Software and Systems Modeling | 2013
Antonio Cicchetti; Davide Di Ruscio; Ludovico Iovino; Alfonso Pierantonio
The adoption of Model-Driven Engineering (MDE) in the development of Web Applications permitted to decouple the functional description of applications from the underlying implementation platform. This is of paramount relevance for preserving the intellectual property encoded in models and making applications, languages and processes resilient to technological changes. This paper proposes a model-driven approach for supporting the migration and evolution of data-intensive Web applications.
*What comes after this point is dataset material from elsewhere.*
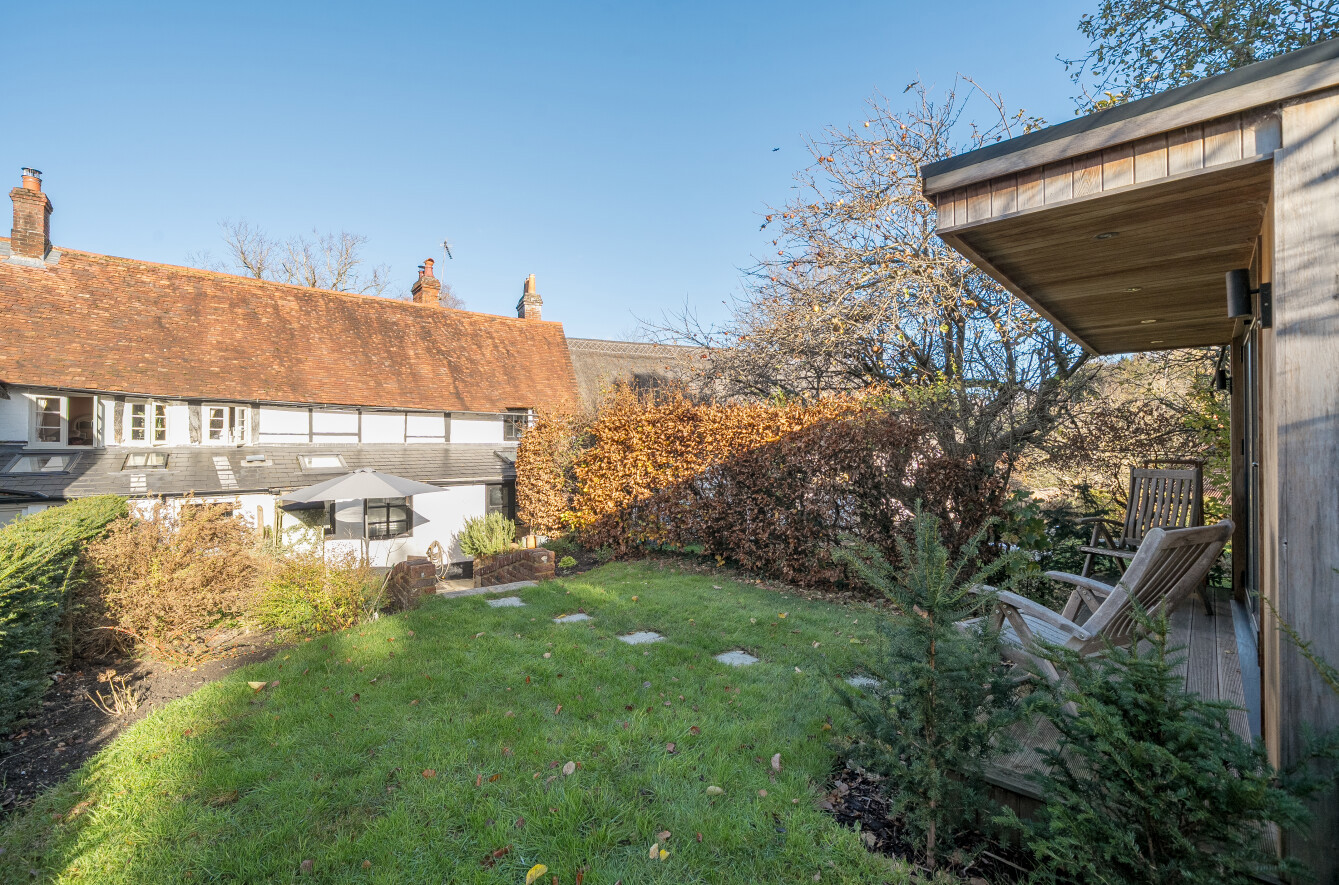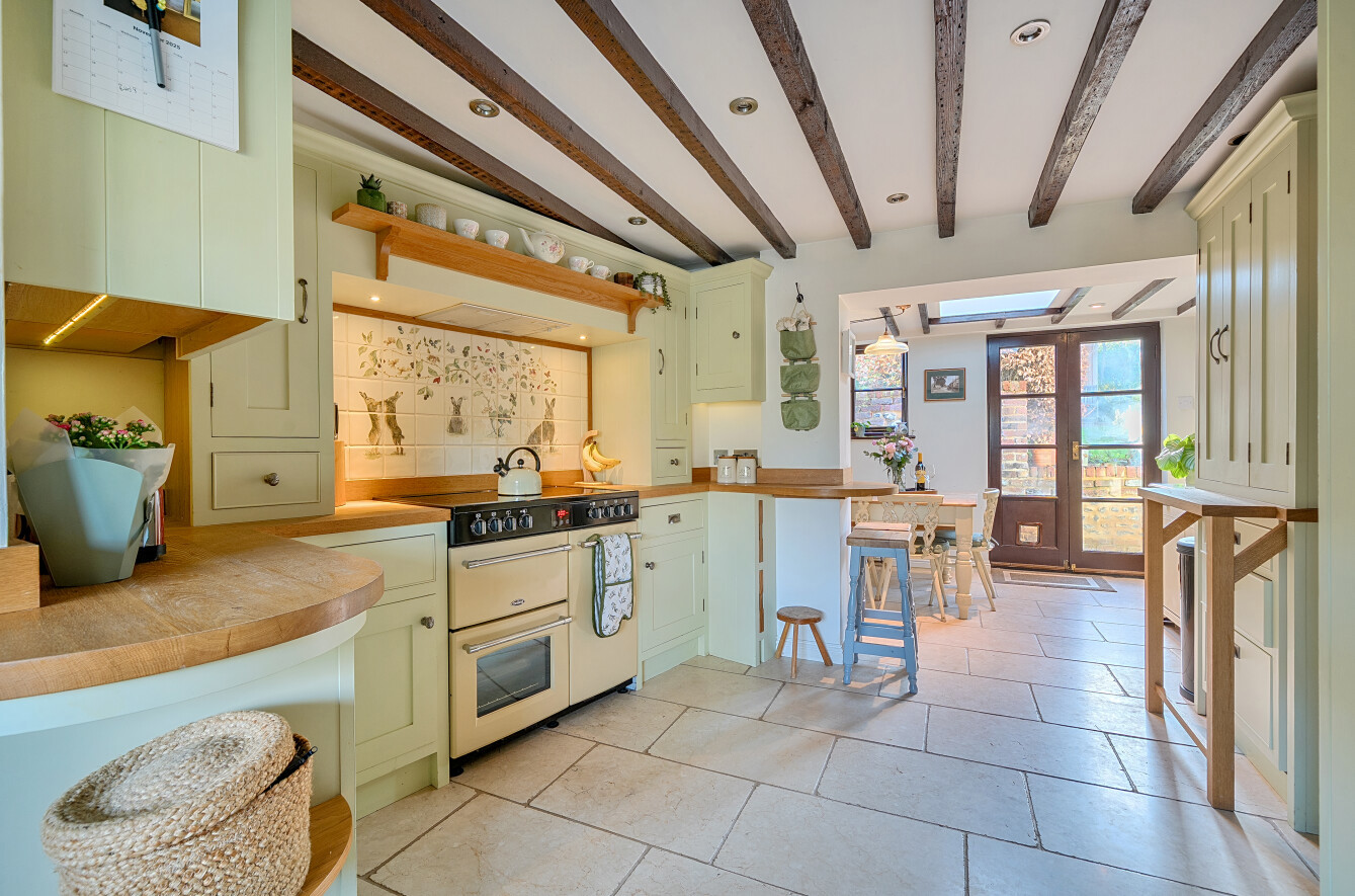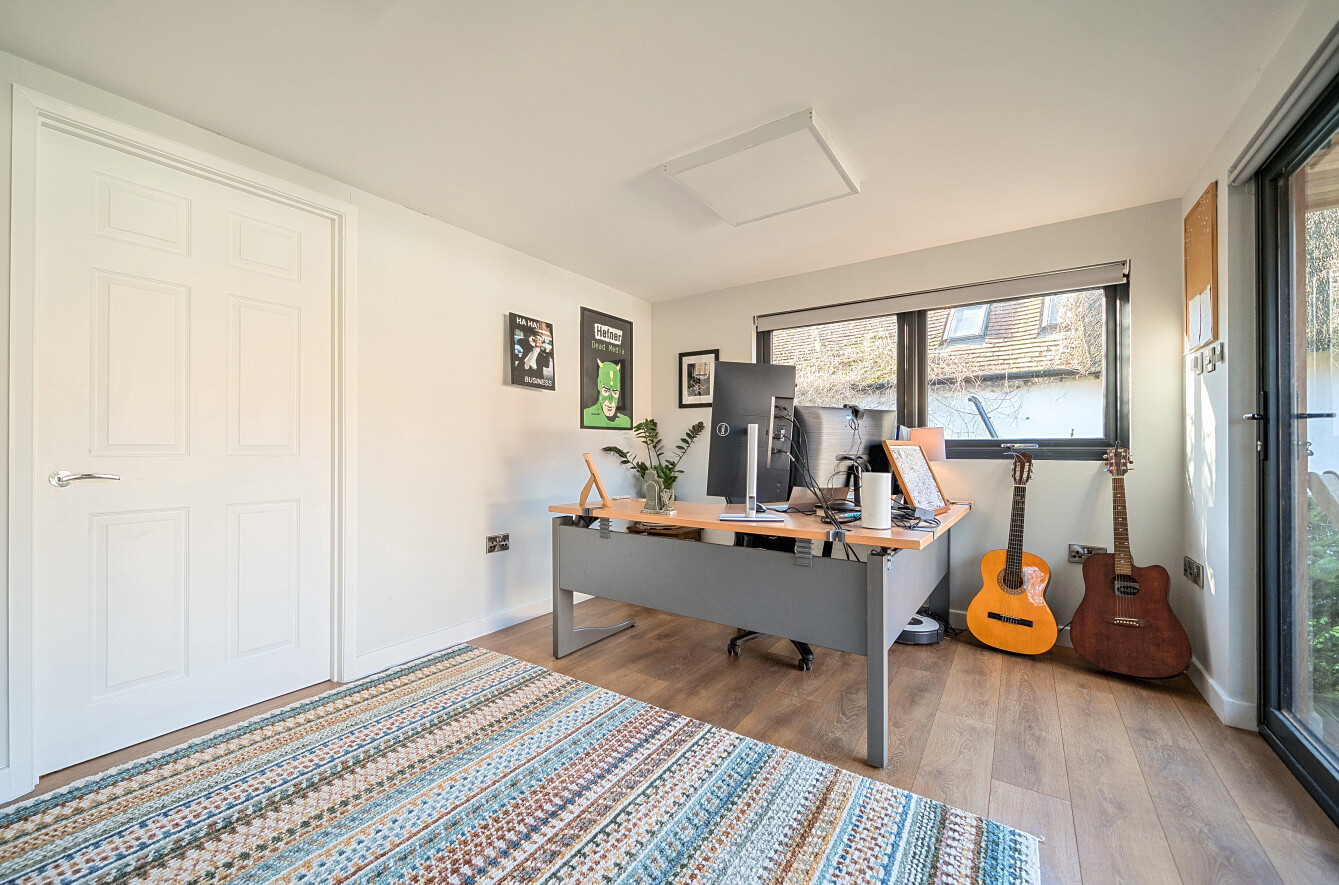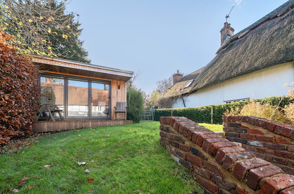 Outside, the garden is an impressive size for the village, with both a lawn and a patio creating a delightful setting for outdoor enjoyment. A substantial outbuilding includes a large home studio with underfloor heating and power, along with a separate store room, making it ideal for creative pursuits, home working, or hobbies.

In particular, model differencing techniques are considered to realize a migration facility capable of detecting the modifications a model underwent during its lifecycle and to automatically derive from them the programs that are capable of migrating/adapting also those aspects which are not directly derivable from the source models, as for instance the data persistently stored in a database and the page layout usually written using graphic templates. The approach is validated by considering applications described with the beContent and WebML modeling languages.